An odds ratio greater than 1 indicates a positive association.
odds ratio of 7.88 indicates a strong positive relationship.
Given that I use the different drugs (drugs are explanatory variable) what is the probability that it is effective (effects as the response variable)
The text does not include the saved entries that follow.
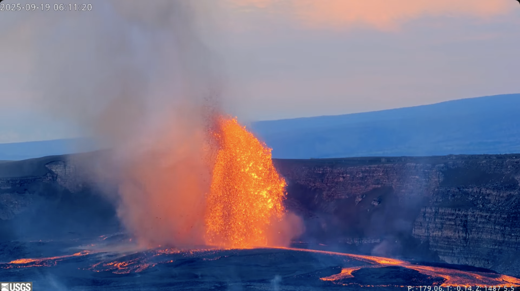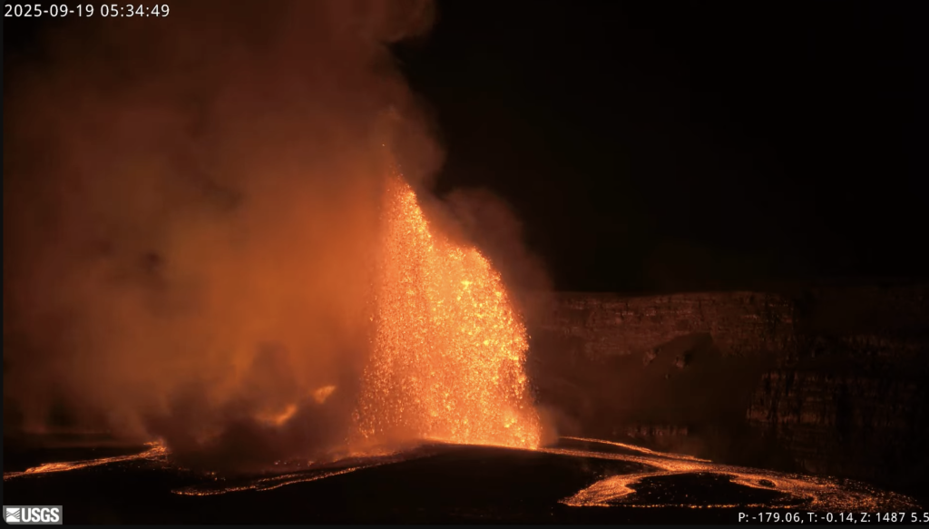 Episode 33 of the ongoing Halemaʻumaʻu eruption began at 3:11 a.m. HST on Friday, Sept. 19 and is currently fountaining within the summit caldera. Current fountain height is greater than 500 feet and the convective plume is about 10,000 feet AGL, according to the Hawaiian Volcano Observatory.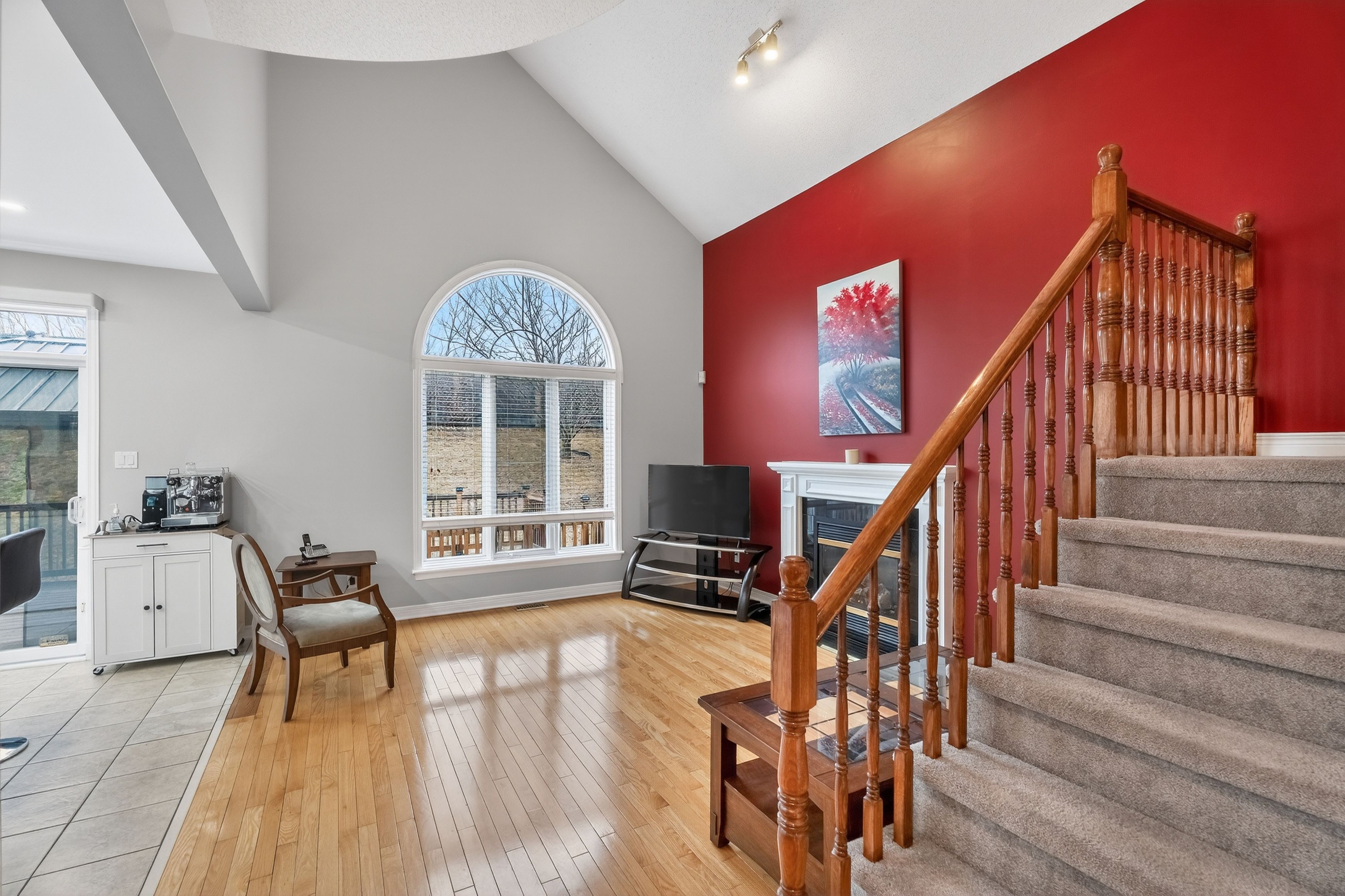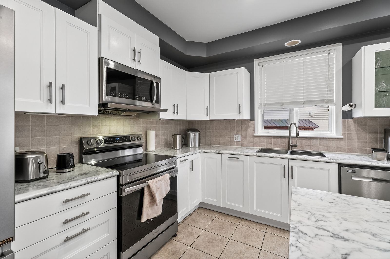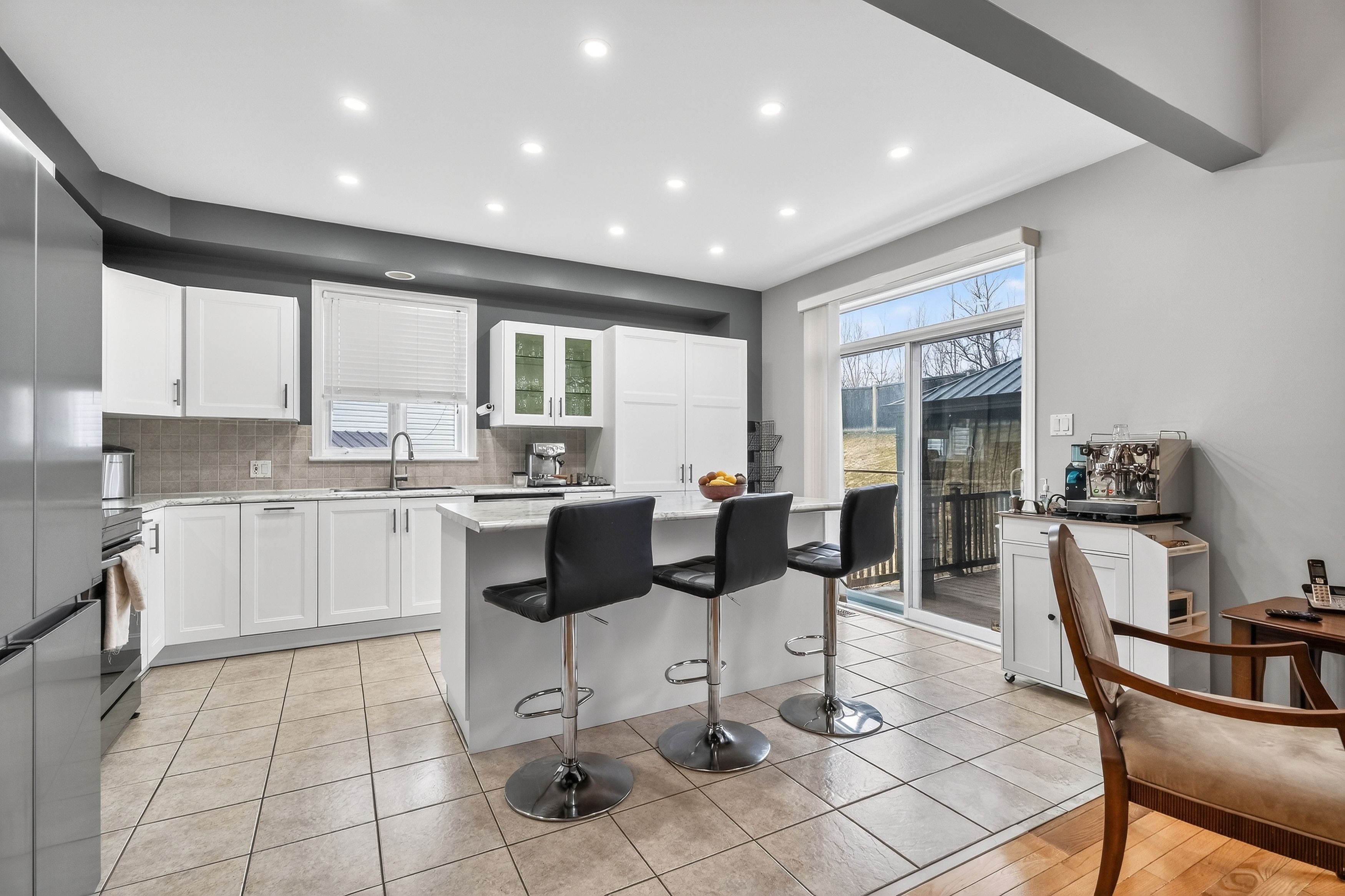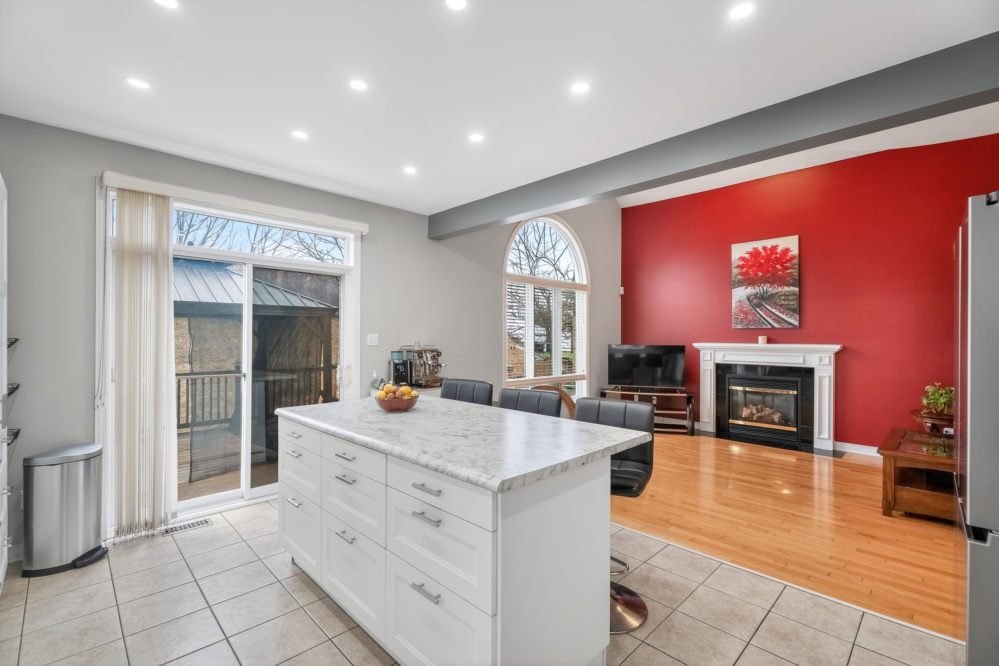 • Modernized kitchen opens to a large family room with a gas fireplace.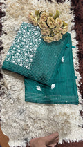 Step into timeless elegance with this deep teal green saree, featuring exquisite white floral embroidery and delicate kantha-style stitch detailing. Accented with playful tassels and a graceful sheen, this saree strikes the perfect balance between traditional artistry and modern sophistication—ideal for festive occasions and semi-formal gatherings.
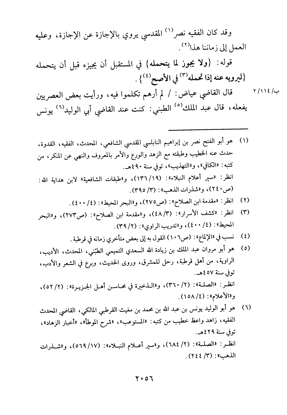 قَالَ القَاضِي عِيَاض: لم أرهم تكلمُوا فِيهِ، وَرَأَيْت بعض العصريين يَفْعَله، قَالَ عبد الْملك الطبني: كنت عِنْد القَاضِي أبي الْوَلِيد يُونُس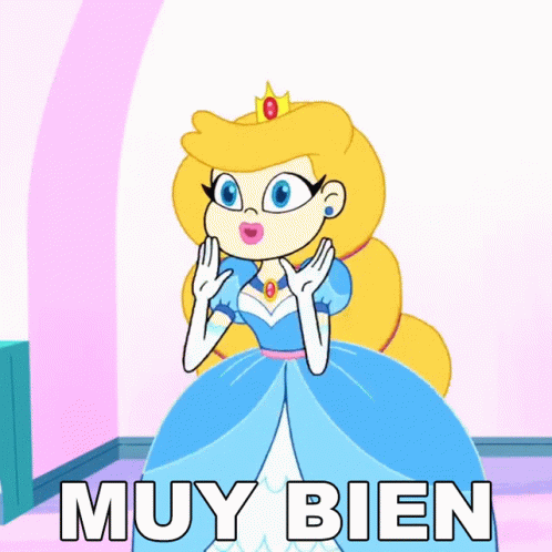 Cartoon princess from Las Chicas Superpoderosas reacts with 'Muy Bien' (Very Good) expression.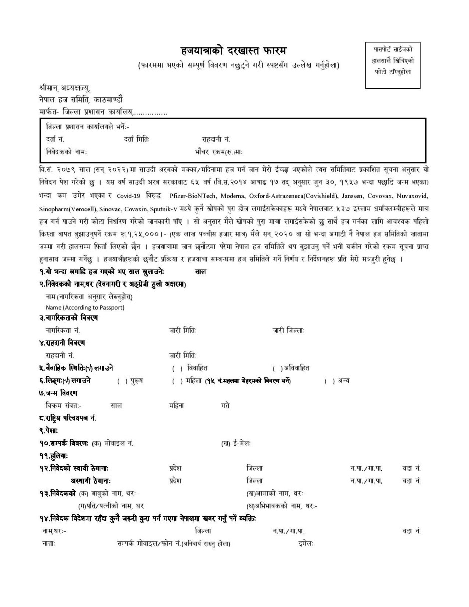 सन् २०२२ को हज यात्राको लागि नेपाल हज समिति, सिंहदरवार, काठमाडौंको सूचना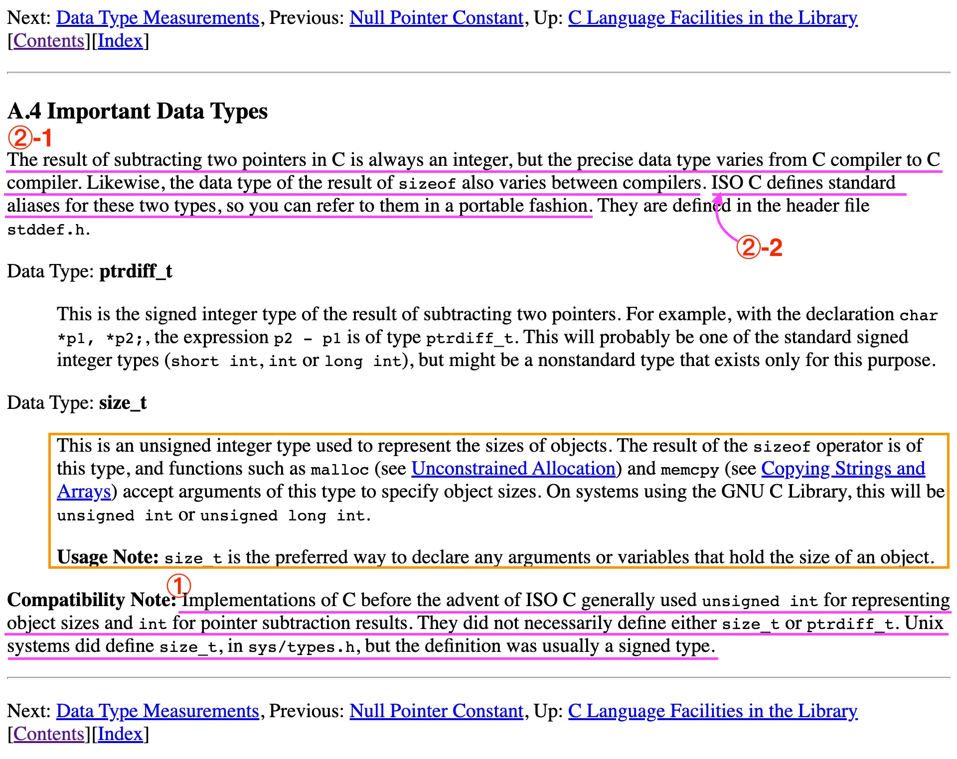당시 사람들은 size_t 나 ptrdiff_t 를 정의할 필요성을 느끼지 못했다. (UNIX 시스템에서 size_t를 정의하기는 했었지만 부호가 있는 자료형이었다.)

The results states that Kilvir is about 8 times more effective than Placebo for this certain age group.
No.
Because publishing results for only one age group may not provide a representative picture of the overall population;
It might give a misleading impression of the overall findings if results are cherry-picked without considering the broader context.
Results from one age group may be confounded by other variables.
If it just publish the 31-35 age group data, we can see that p-value is not very low. When the population (people who take Kilvir) grows, there will be more issues.
##
## Effective Ineffective
## Kilvir 18 39
## Placebo 24 33
##
## Pearson's Chi-squared test with Yates' continuity correction
##
## data: contAB
## X-squared = 0.94246, df = 1, p-value = 0.3316
##
## Fisher's Exact Test for Count Data
##
## data: contAB
## p-value = 0.3317
## alternative hypothesis: true odds ratio is not equal to 1
## 95 percent confidence interval:
## 0.2737906 1.4623951
## sample estimates:
## odds ratio
## 0.6371842
##
## Effective Ineffective
## Kilvir 4 9
## Placebo 4 9
##
## Pearson's Chi-squared test
##
## data: contNO
## X-squared = 0, df = 1, p-value = 1
##
## Fisher's Exact Test for Count Data
##
## data: contNO
## p-value = 1
## alternative hypothesis: true odds ratio is not equal to 1
## 95 percent confidence interval:
## 0.1373006 7.2832873
## sample estimates:
## odds ratio
## 1
## p-value (chi-squared) p-value (fisher)
## 16-20 0.1240666 0.1231997
## 26-30 0.6403202 0.64078
## 31-35 0.02784006 0.02550983
## 36-40 0.3482841 0.3487349
## 41-45 0.7125793 0.713982
## 46-50 1 1
## 51-55 1 1
## 56-60 0.7300697 0.7310941
## 61-65 0.3906743 0.3911247
## 66-70 1 1
## 71-75 0.6932818 0.6945843
## 76-80 0.3990752 0.4003231
## 81-85 0.6170751 0.6199095
## 86-90 0.4142162 0.4285714
Other groups (except 31 - 35) have much higher p-value.
In three age-groups, the Kilvin is statistically ineffective.
Other age groups have p-values much greater than 10%, even some with 70%.
There is insufficient evidence to reject \(H_0\): the new drug Kilvir is not effective.
Well, it is ineffective… when considering people of all age groups.